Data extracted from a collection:
========================================
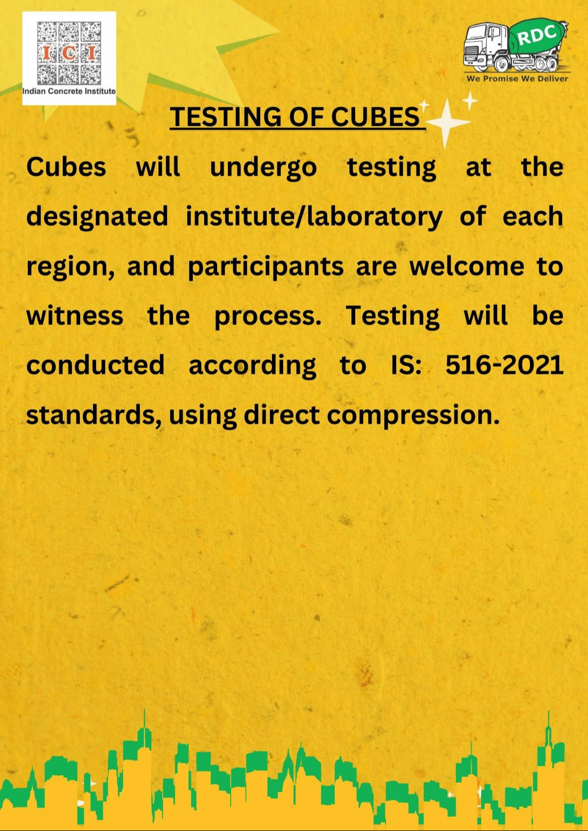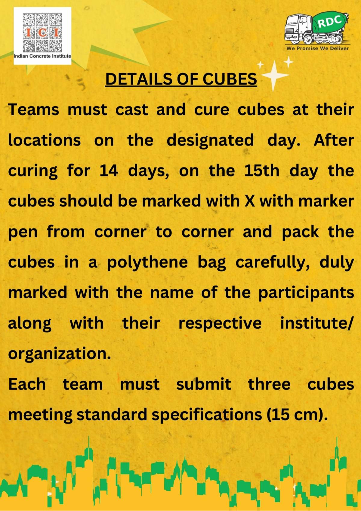 -Teams must cast and cure cubes at their locations on the designated day. After curing for 14 days, on the 15th day the cubes should be marked with X with marker pen from corner to corner and pack the cubes in a polythene bag carefully, duly marked with the name of the participants along with their respective institute/ organization.
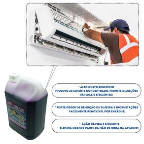 Produto foi especialmente elaborado para a remoção de sujeiras e incrustações em diversos equipamentos como ar condicionados, pisos rústicos, pedras rusticas, limpa aletas, condensadores, evaporadores, colmeias etc
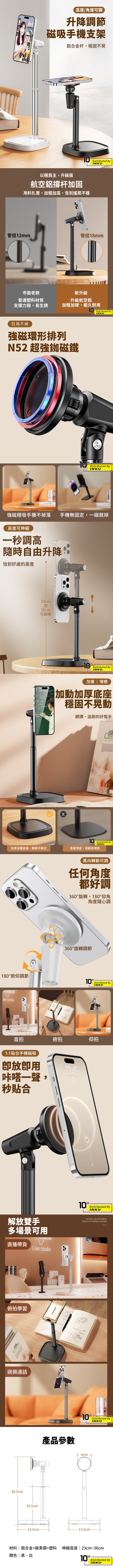 解放雙手 多場景可用直播帶貨/俯拍學習/視頻通話----------------------------------------------產品參數材料:鋁合金+碳素鋼+塑料伸縮高度:23cm~36cm顏色:黑、白
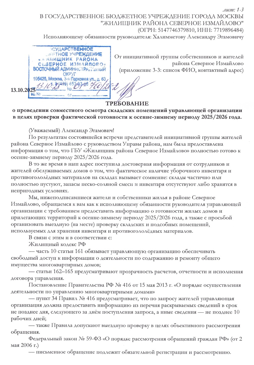 Поэтому наша инициативная группа направила официальное обращение в ГБУ «Жилищник района Северное Измайлово». Мы запросили целый перечень документов, который должен быть у любой уважающей себя управляющей организации:
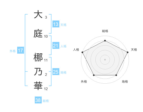 大庭 梛乃華さんを姓名の画数から五運を鑑定
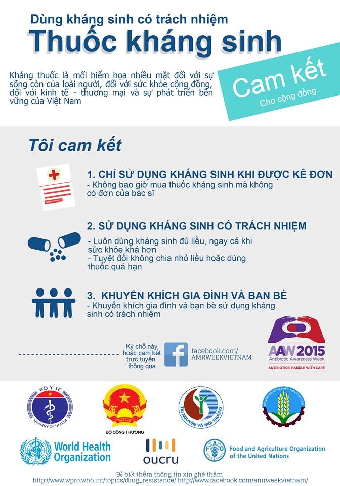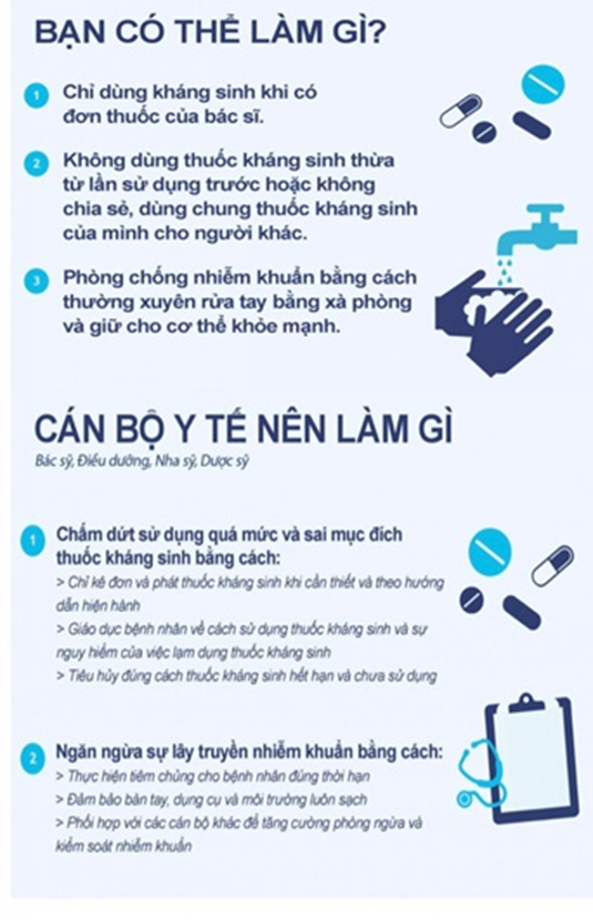 Theo đó, WHO kêu gọi mỗi cá nhân, tập thể cần nâng cao nhận thức về việc sử dụng kháng sinh. Cụ thể:
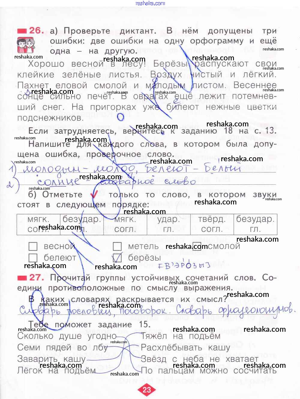Решака - онлайн ответы Русский язык Яковлева за 2 класс Рабочая тетрадь ФГОС 2015 - 23
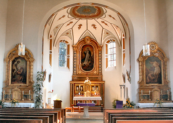 - Die Kirche wurde 1914 gebaut. Im Inneren sind Anklänge des kirchlichen Jugendstils erkennbar.
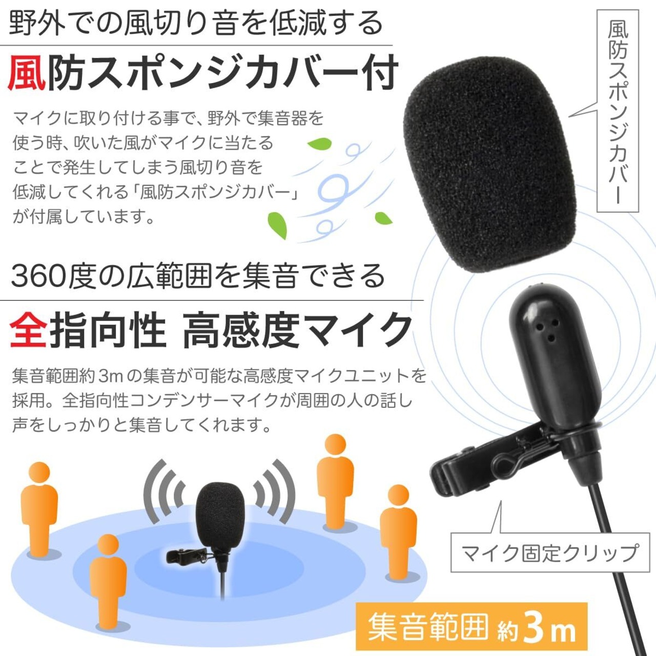 【360度集音できる全指向性マイク】広範囲(集音範囲3m)の集音が可能な高感度マイクユニットを採用。全指向性コンデンサーマイクが小さな音も集音してくれます。 風切音などを防ぐ風防カバーが付属します。
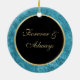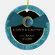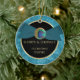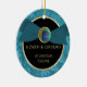 This beautiful first Christmas together ornament features an elegant peacock feather golden button on a satin ribbon graphic. Easily customised.
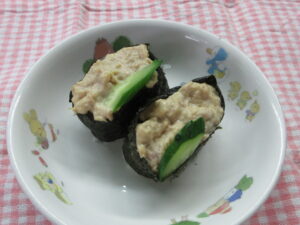 ご飯に海苔を巻き、ツナマヨをのせ、キュウリまで添えてあります♡
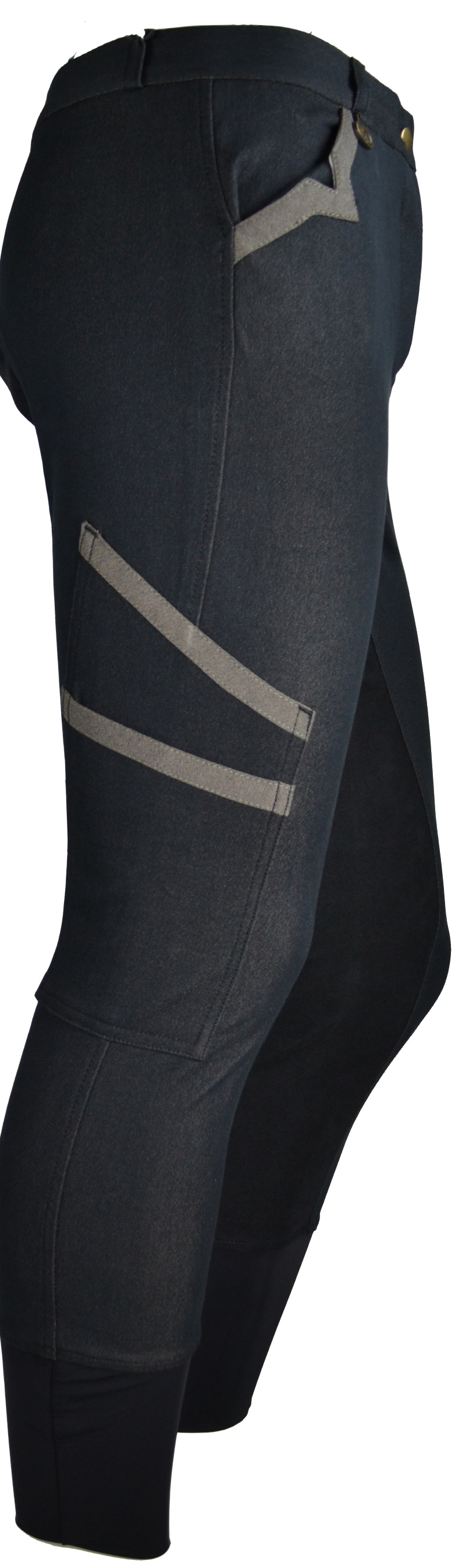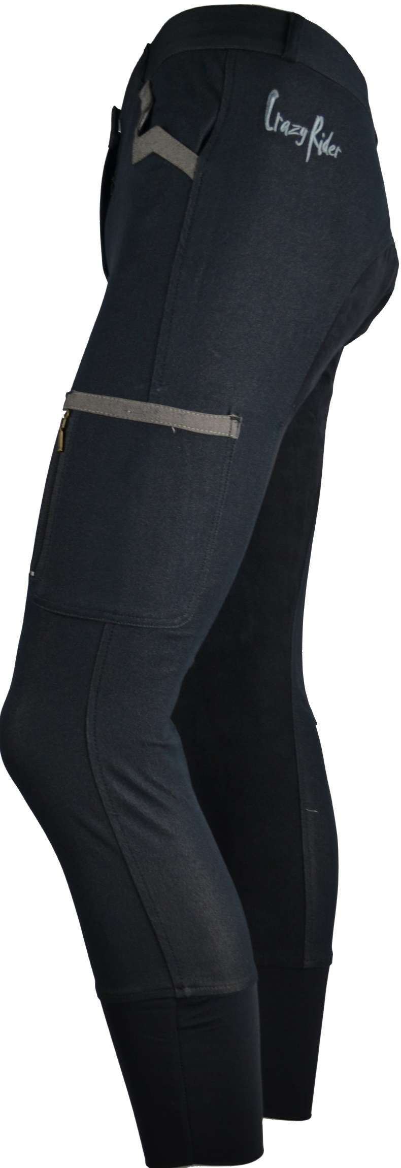 Diese aussergewöhnliche Reithose überzeugt durch viele Details, ihr tolles Design sowie ihr gemütliches Material. Die Vorderseite ist ausgestattet mit 2 praktischen Taschen, modisch aufgepeppt durch die Kontrastnähte. An beiden Oberschenkeln befinden sich praktische Einschubtaschen, in die man vom Hufauskratzer bis zur Karotte alles unkompliziert aufbewahren kann. Der Vollbesatz ist aus strapazierfähigem Imitatleder und bietet optimalen Schutz und Halt im Sattel. Die Beinenden liegen mithilfe des elastischen Bundes hauteng an, was Faltenbildung und Druckstellen im Stiefel vermeidet.
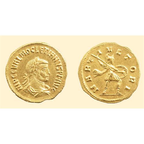 AV Aureus (4.62 g). Cyzicus, 284-286 AD. IMP CC VAL DIOCLETIANVS PF AVG, laureate, draped and cuirassed bust right / MARTI VLTORI, Mars Ultor advancing right, holding shield and raising spear. RIC V/II 300; Depeyrot 2/4.
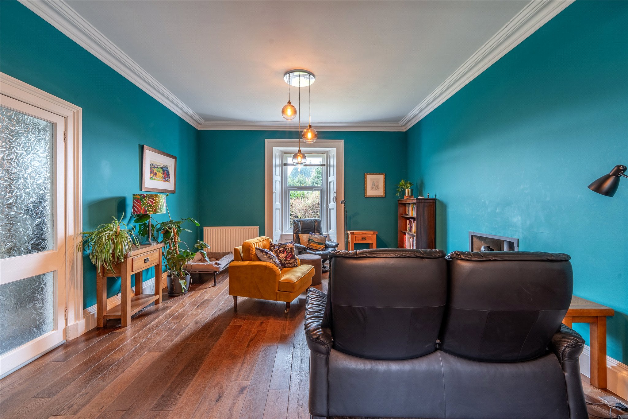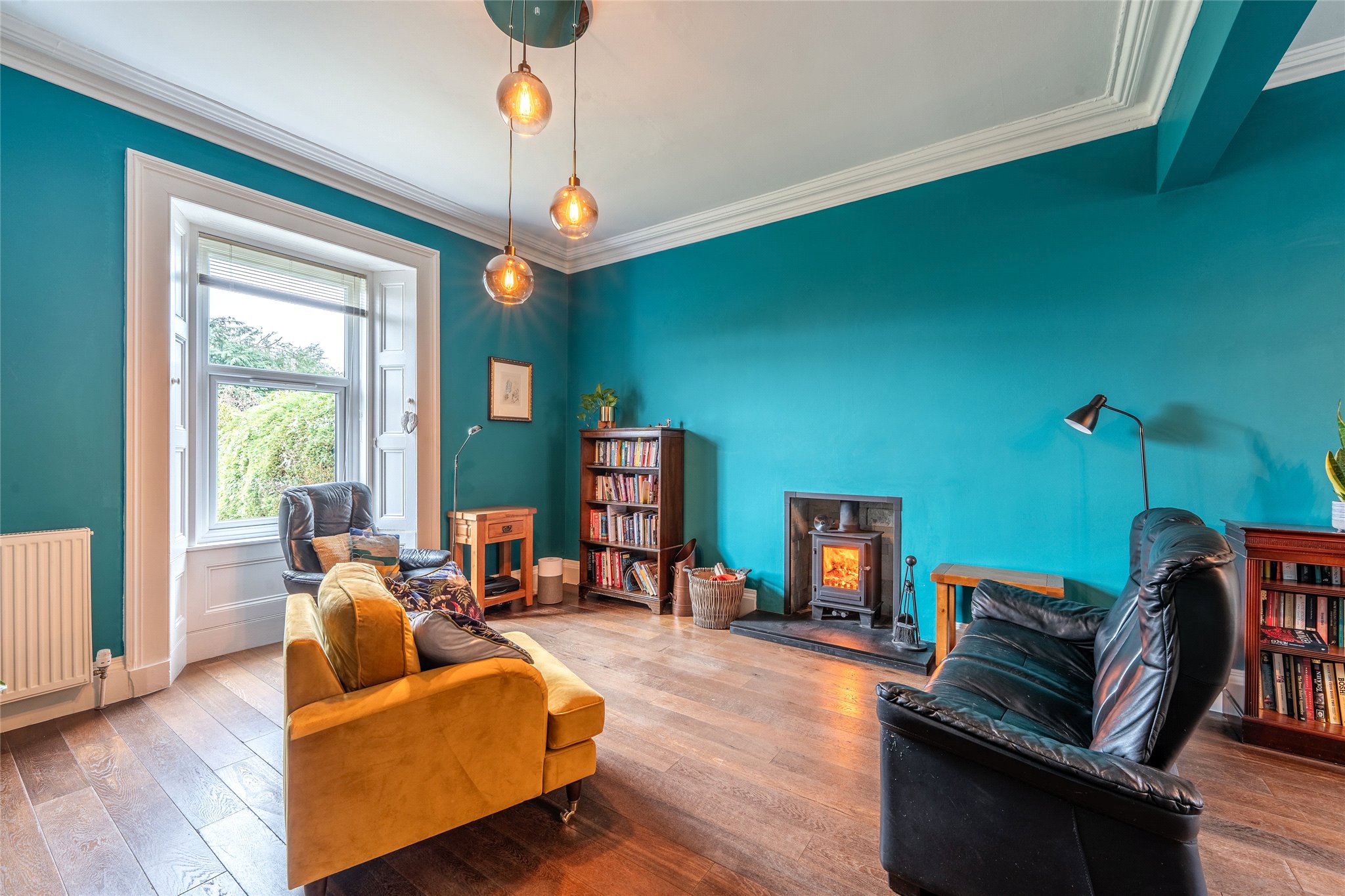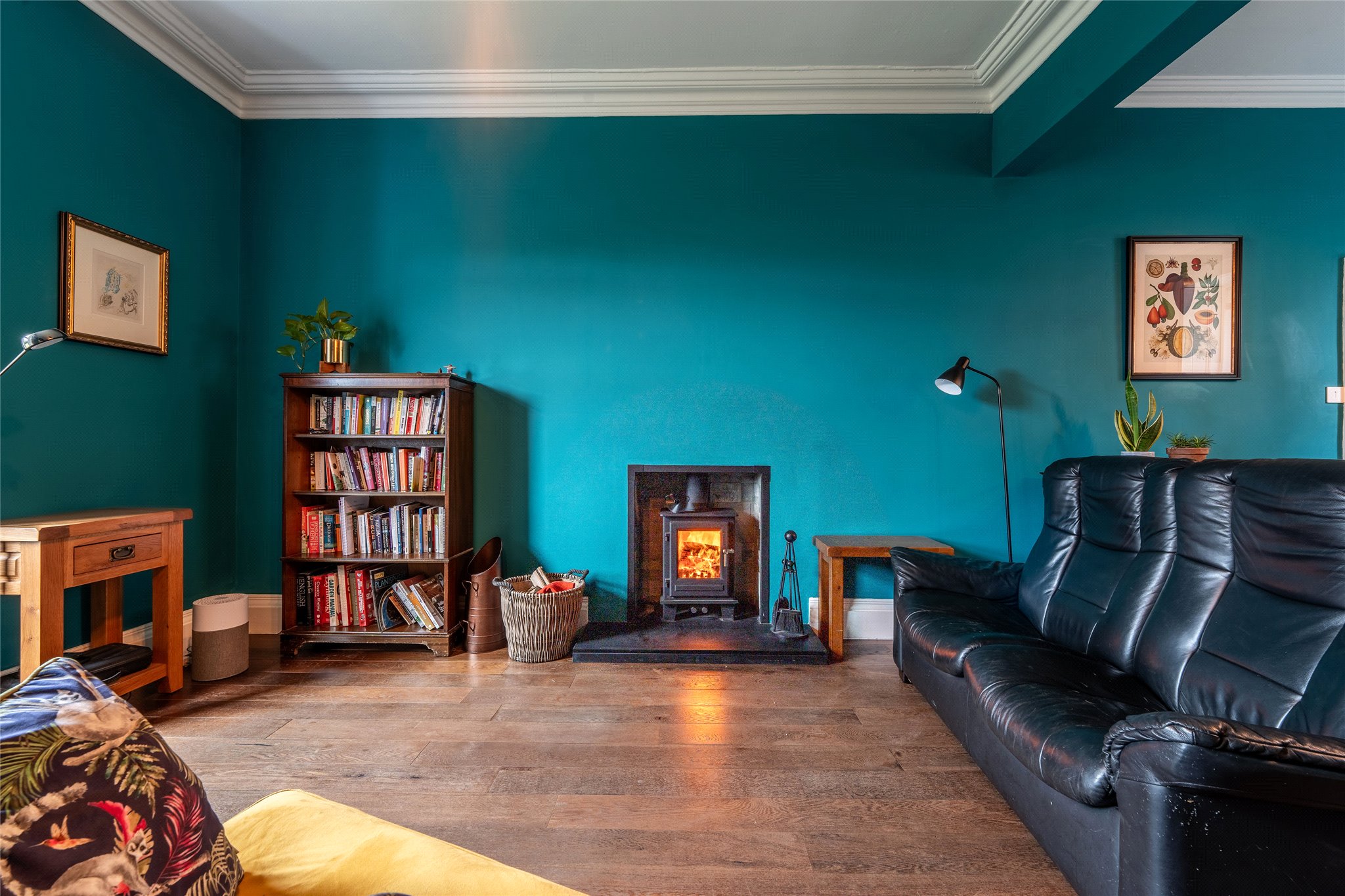 A neat lawn flanks the pathway leading to the front door, which opens into a hallway finished in shades of grey and white. To your left, a bright and spacious living room awaits. Featuring handsome wooden flooring and a multi fuel stove, this dual-aspect space exudes warmth and allows for a variety of furniture configurations.
========================================
TASK DIRECTIONS:
Which part of the entries opens with the line containing "Diese aussergewöhnliche Reithose" and closes with the line containing "AV Aureus (4.62"? Output that part exactly, ends included, pictures excluded.

TASK OUTPUT:
 Diese aussergewöhnliche Reithose überzeugt durch viele Details, ihr tolles Design sowie ihr gemütliches Material. Die Vorderseite ist ausgestattet mit 2 praktischen Taschen, modisch aufgepeppt durch die Kontrastnähte. An beiden Oberschenkeln befinden sich praktische Einschubtaschen, in die man vom Hufauskratzer bis zur Karotte alles unkompliziert aufbewahren kann. Der Vollbesatz ist aus strapazierfähigem Imitatleder und bietet optimalen Schutz und Halt im Sattel. Die Beinenden liegen mithilfe des elastischen Bundes hauteng an, was Faltenbildung und Druckstellen im Stiefel vermeidet.
 AV Aureus (4.62 g). Cyzicus, 284-286 AD. IMP CC VAL DIOCLETIANVS PF AVG, laureate, draped and cuirassed bust right / MARTI VLTORI, Mars Ultor advancing right, holding shield and raising spear. RIC V/II 300; Depeyrot 2/4.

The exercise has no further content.